Introduction

Warning

🚧 This section is still in active development and is subject to changes 🚧

Seedcase was born out of a desire to bring modern data engineering practices, technologies, and processes to research environments. Technological and computing skills and knowledge within health research (at least in our experience) often lags far behind what is the current state-of-the-art. The connected design documents describe the architecture of Seedcase software as well as the underlying data architecture that Seedcase software implements as a framework. Our specific goals for the Seedcase Project are:

The framework acts as an (open source) starting template for setting up data infrastructures that follow principles and requirements listed below. Framework here is defined as: 1) a bundled or recommended set of software programs; 2) a defined and standardized set of conventions on the structure and format of the filesystem, URL paths, and API calls; and, 3) a defined and standardized structure to the data and associated documentation, all of which are linked together as modular components.

The Community based aims are covered more in our Community site page. While these aims are not related to the software itself, it does impact architectural and design decisions we make.

Requirements Overview

Primary goals of Seedcase software are:

  1. Ingesting data and metadata into standardized storage: Take generated data from source locations (such as the clinic or laboratories) that may be distributed geographically or organizationally and store it in a secure, centralized location in a standardized and efficient format to form a Data Resource. Metadata are similarly stored and linked to the data.
  2. Showcasing data and metadata for discoverability and data access requests: Take stored metadata as well as some basic descriptive information of the data inside the Data Resource and display them on a web portal as a list. Users can select specific data they are interested in from the list and submit a request to use these data. These requests for data are saved and stored in the backend.
  3. Tracking data projects using the data for managing and auditing: The stored requests for data are displayed for admin users to approve of (or not). Approved requests get converted to ongoing data projects, which are displayed on the web portal.

While the software architecture documentation largely encompasses the software and data components of the Seedcase Project, because of our secondary aims (to create a framework that other research groups and companies can relatively easily implement, and modify, for their own purposes), we need to describe additional requirements that aren’t strictly technical. We’ll cover some Guiding Principles we need to follow for the Seedcase Project, describe our target users and use-cases, and then list the main functionalities of the Seedcase framework.

Users

The Seedcase framework is developed and designed with four users and their associated use cases in mind. These four users we’ve translated into user roles, which are described in more detail on the User Requirements page, are:

  1. Data Contributor: inputs data to the Data Resource, e.g., authorized centers and researchers.
  2. Data Requester: requests access to a subset of data in the Data Resource, e.g., researchers and clinicians.
  3. Administrator: manages the Data Resource. Data controllers, as defined by the GDPR, fall into this category.
  4. External User: views updates on findings and results from the Data Resource such as aggregate statistics, e.g., policymakers, healthcare workers, journalists, researchers, and the general public.

Quality Goals

Please see the Quality requirements section for our thoughts on this.

Stakeholders

This section contains an explicit list of those who will need, use, or review the design documentation. This is the “audience” or readers of these documents. Specifically it is anyone who:

  • Should know the architecture
  • Have to be convinced of the architecture
  • Have to work with the architecture or the code
  • Need the documentation of the architecture for their work
  • Have to come up with decisions about the system or its development

Currently, we’ve identified these stakeholders along with some expectations we believe they have for these documents.

  • Developers/contributors: Either core developer or external contributor, who use these documents to better understand what needs to be done and why things were done the way they are.
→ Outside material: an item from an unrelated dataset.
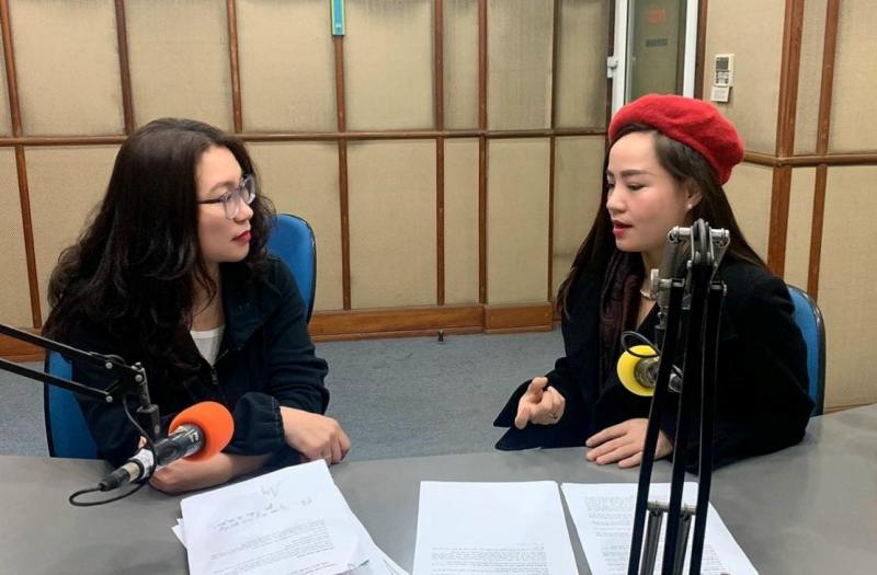 TS âm nhạc Đinh Hoài Xuân (bên phải) trò chuyện cùng BTV Bảo Trang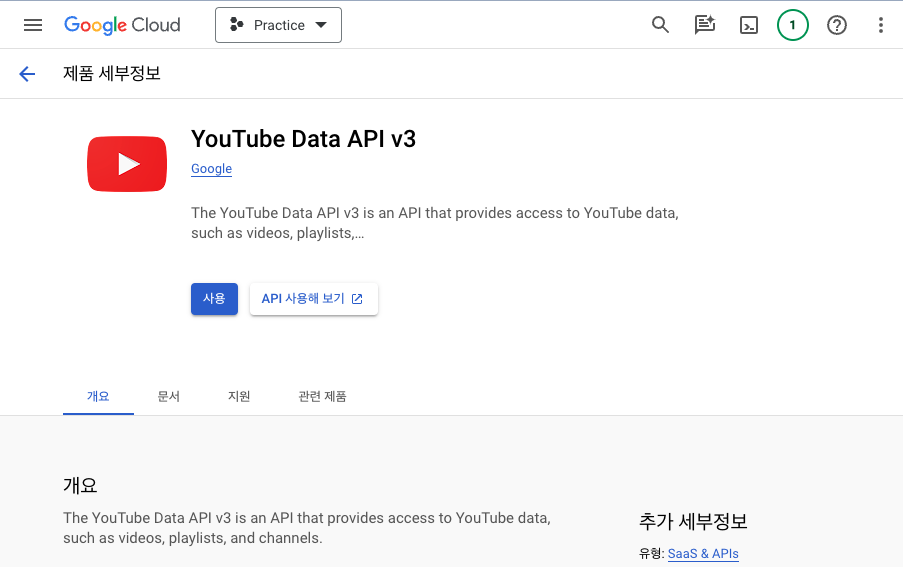 - Youtube Data API v3 선택

They will read it for general and technical reasons.

  • Key partners (DD2, SDCA): They were co-applicants for the funding and will be the first users (and testers) of Seedcase software. They will likely review the overview sections and higher-level diagrams for general understanding, rather than for technical purposes.

  • External reviewers: Part of our plan is to send this document to a software consultancy firm to critically review it and provide feedback on it. This will ensure that we do not miss anything important or critical. These reviewers will read these documents critically from a technical perspective.

  • Funder (Novo Nordisk Foundation): We need to send progress reports to our funders. They will likely use them for record-keeping, accountability, and auditing purposes.

  • Data owners/generators (users of the software): These may include study coordinators or principal investigators of studies who will or have generated data and who are looking for solutions to store and share their data. They will likely read this document from a high-level, such as the overview sections and diagrams, to assess if it fits their needs.

  • Interested researchers: Researchers whose duties include research software or data engineering may be interested in the technical side of the Seedcase Project, either to become a contributor or to modify for their own purposes.

  • Institutional admin/IT: Building Seedcase software will not be enough to get researchers using it. We also have to ensure that we have institutional IT on board and see that Seedcase software fits legal, privacy, and security concerns they may have.